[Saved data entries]
============
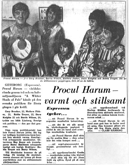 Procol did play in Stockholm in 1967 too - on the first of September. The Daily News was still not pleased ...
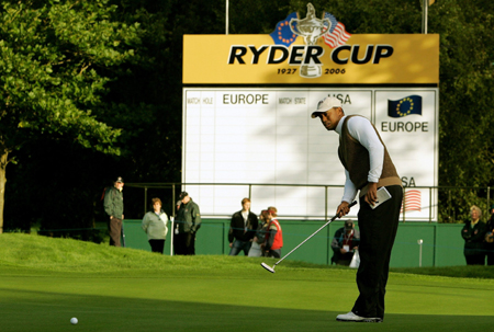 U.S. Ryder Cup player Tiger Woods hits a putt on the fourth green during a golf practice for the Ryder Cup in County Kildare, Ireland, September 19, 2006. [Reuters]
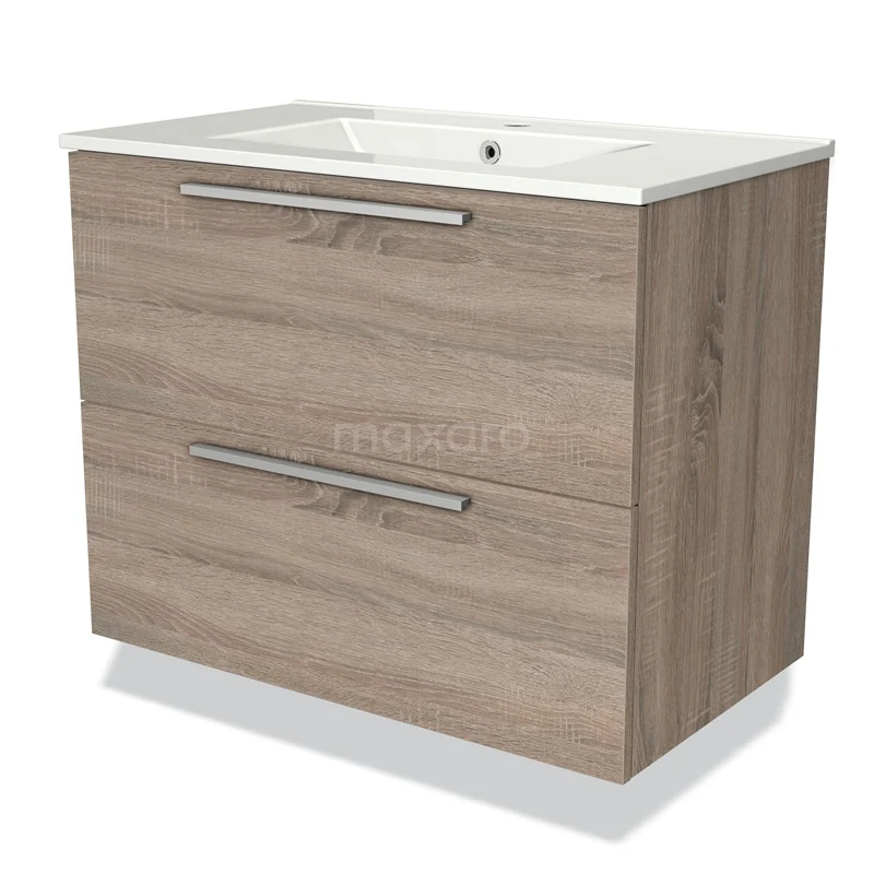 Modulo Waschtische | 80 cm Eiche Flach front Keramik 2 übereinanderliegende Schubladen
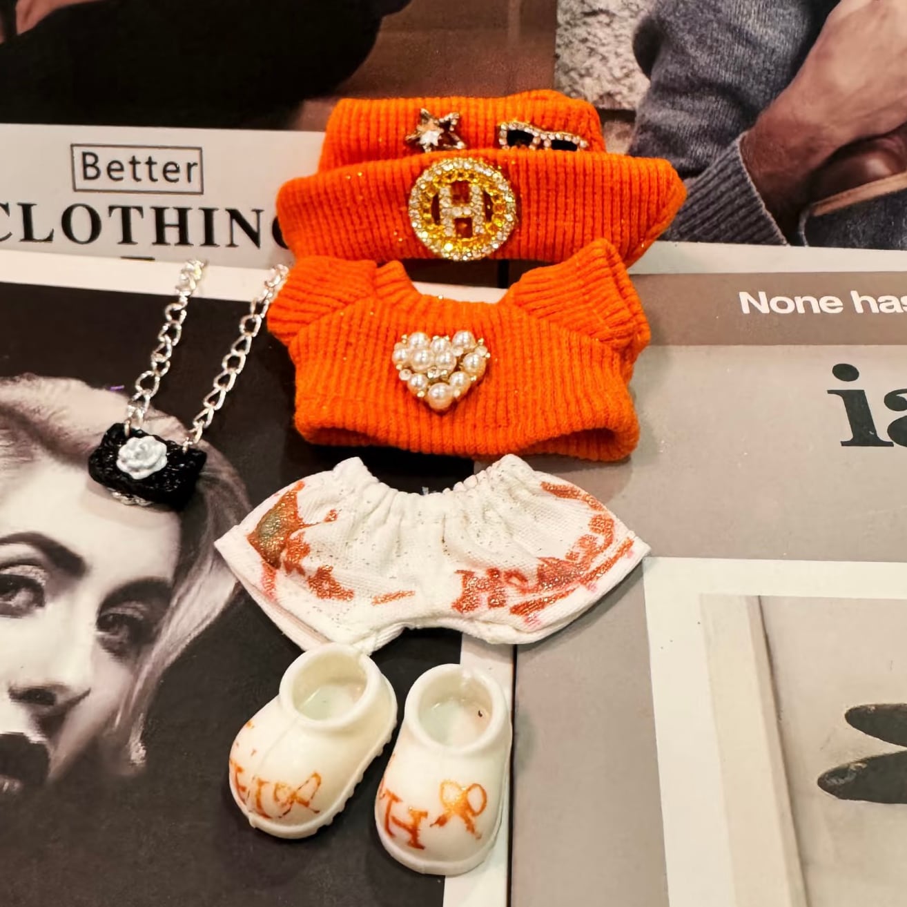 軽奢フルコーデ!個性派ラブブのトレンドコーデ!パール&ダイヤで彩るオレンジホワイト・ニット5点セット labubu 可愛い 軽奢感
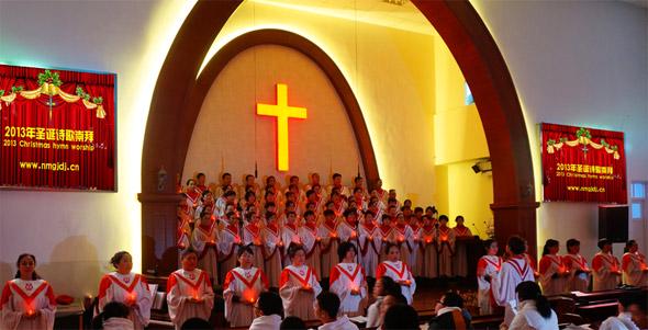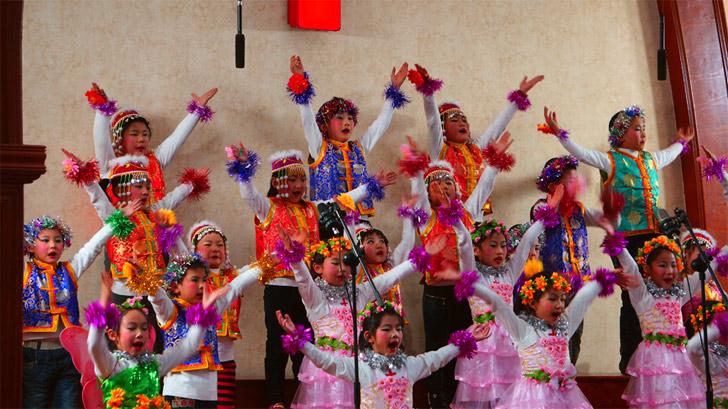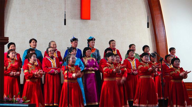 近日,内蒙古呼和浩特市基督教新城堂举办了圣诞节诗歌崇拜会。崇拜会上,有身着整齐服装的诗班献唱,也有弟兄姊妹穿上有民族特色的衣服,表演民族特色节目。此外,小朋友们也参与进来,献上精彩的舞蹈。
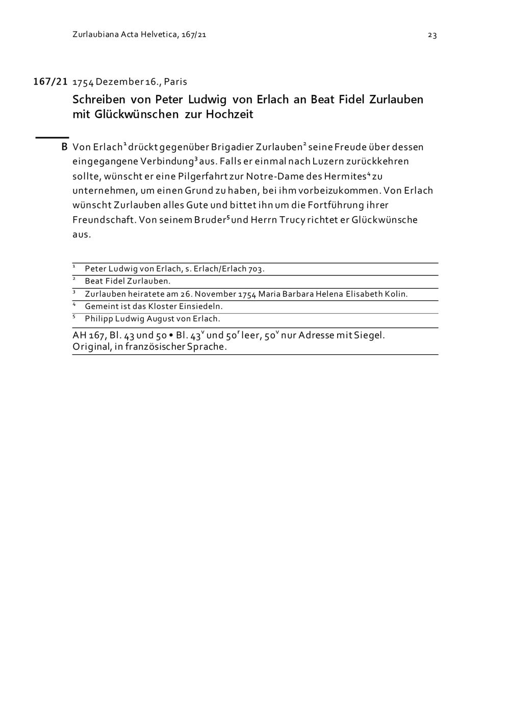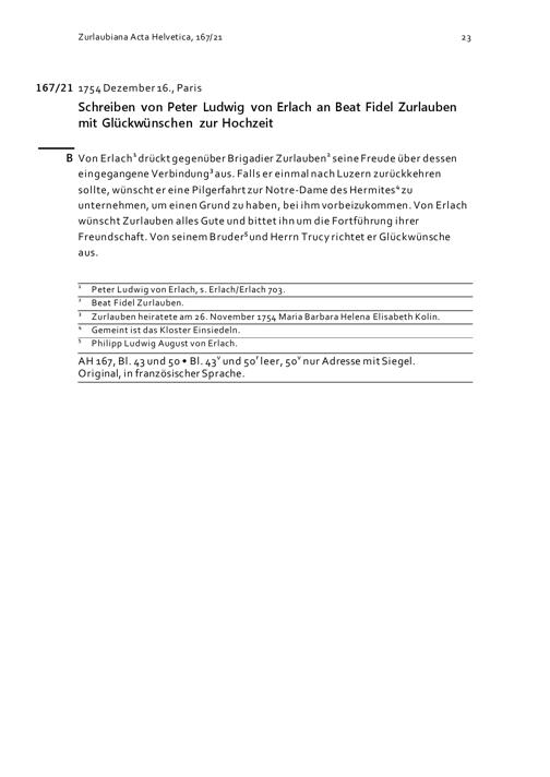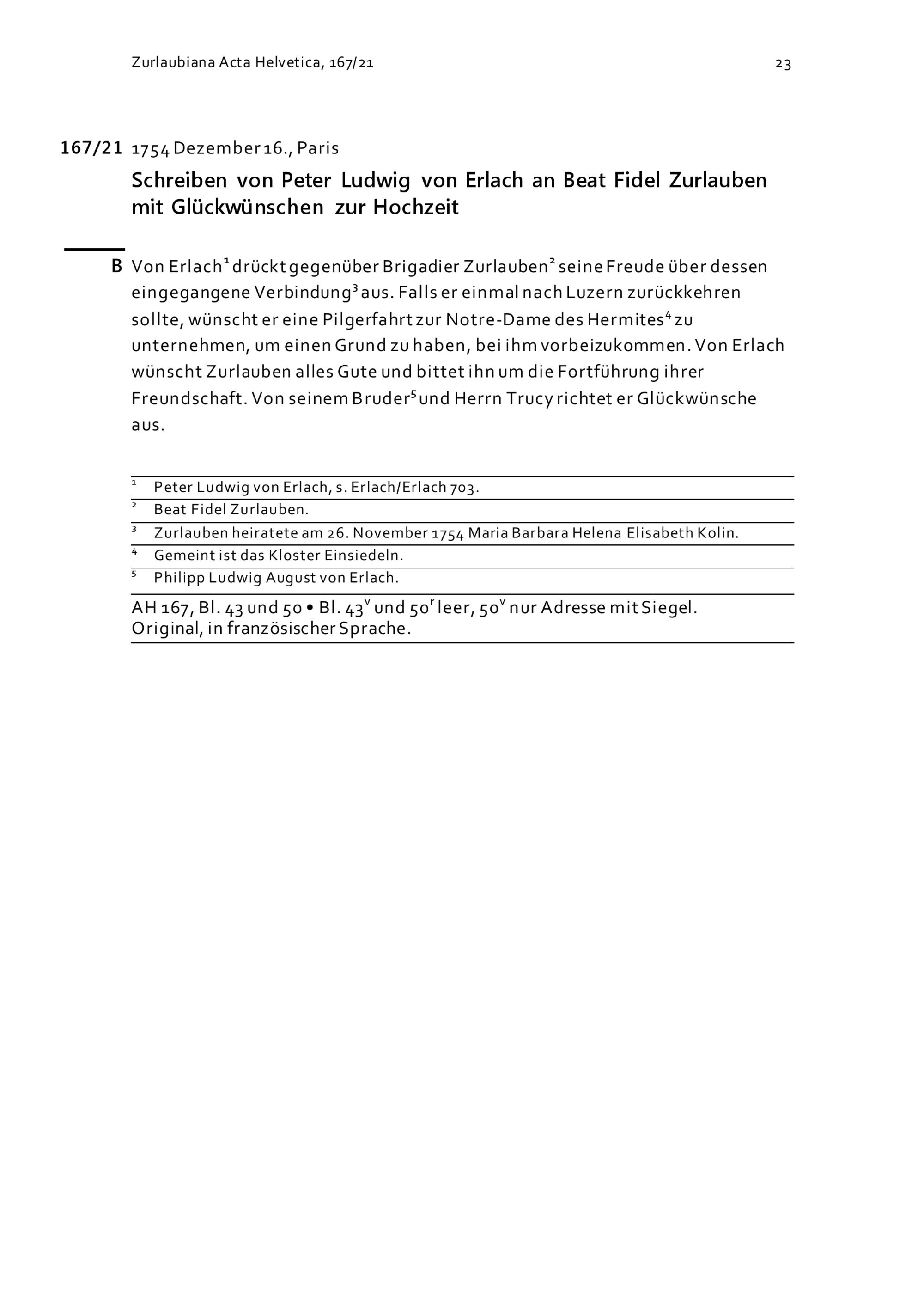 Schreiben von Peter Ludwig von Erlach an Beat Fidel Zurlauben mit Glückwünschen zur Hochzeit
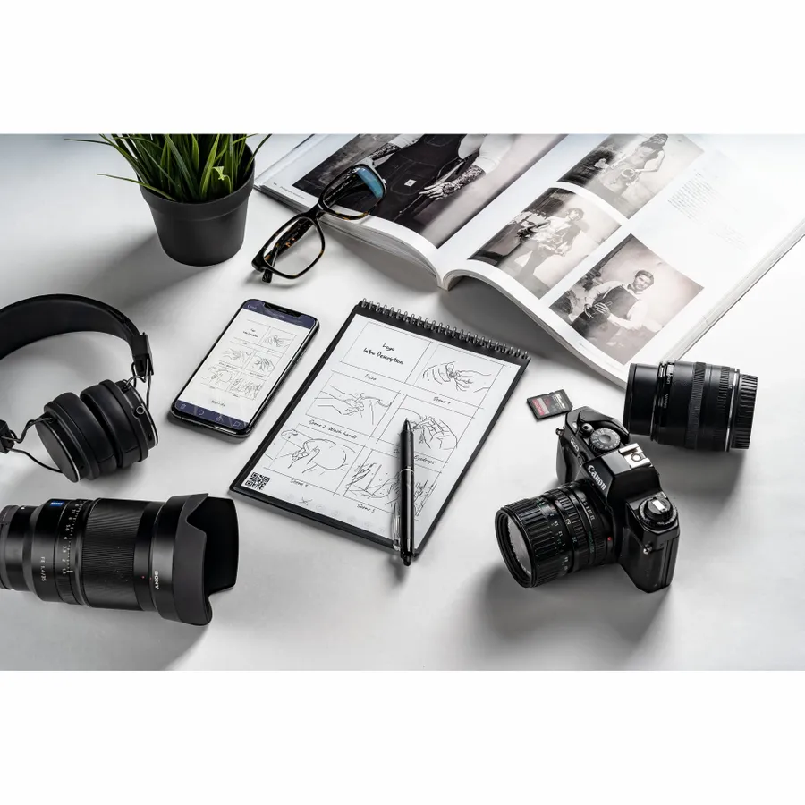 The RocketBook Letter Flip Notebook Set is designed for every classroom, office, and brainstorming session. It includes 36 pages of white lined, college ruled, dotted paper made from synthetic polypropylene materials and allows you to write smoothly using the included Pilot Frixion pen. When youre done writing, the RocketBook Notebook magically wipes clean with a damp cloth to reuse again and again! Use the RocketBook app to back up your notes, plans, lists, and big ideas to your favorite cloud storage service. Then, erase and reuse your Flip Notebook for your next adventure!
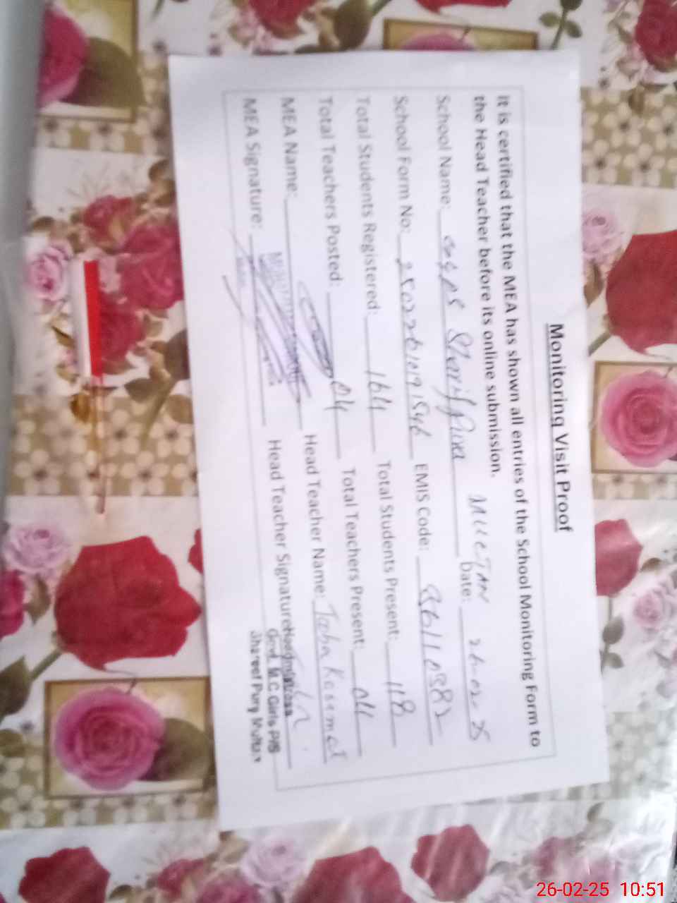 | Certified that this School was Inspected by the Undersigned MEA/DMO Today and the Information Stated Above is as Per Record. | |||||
============
Assigned task: Pictures stay out. Print the lines of the records above exactly, from the first through the one with "Schreiben von Peter".

Result below:
 Procol did play in Stockholm in 1967 too - on the first of September. The Daily News was still not pleased ...
 U.S. Ryder Cup player Tiger Woods hits a putt on the fourth green during a golf practice for the Ryder Cup in County Kildare, Ireland, September 19, 2006. [Reuters]
 Modulo Waschtische | 80 cm Eiche Flach front Keramik 2 übereinanderliegende Schubladen
 軽奢フルコーデ!個性派ラブブのトレンドコーデ!パール&ダイヤで彩るオレンジホワイト・ニット5点セット labubu 可愛い 軽奢感
 近日,内蒙古呼和浩特市基督教新城堂举办了圣诞节诗歌崇拜会。崇拜会上,有身着整齐服装的诗班献唱,也有弟兄姊妹穿上有民族特色的衣服,表演民族特色节目。此外,小朋友们也参与进来,献上精彩的舞蹈。
 Schreiben von Peter Ludwig von Erlach an Beat Fidel Zurlauben mit Glückwünschen zur Hochzeit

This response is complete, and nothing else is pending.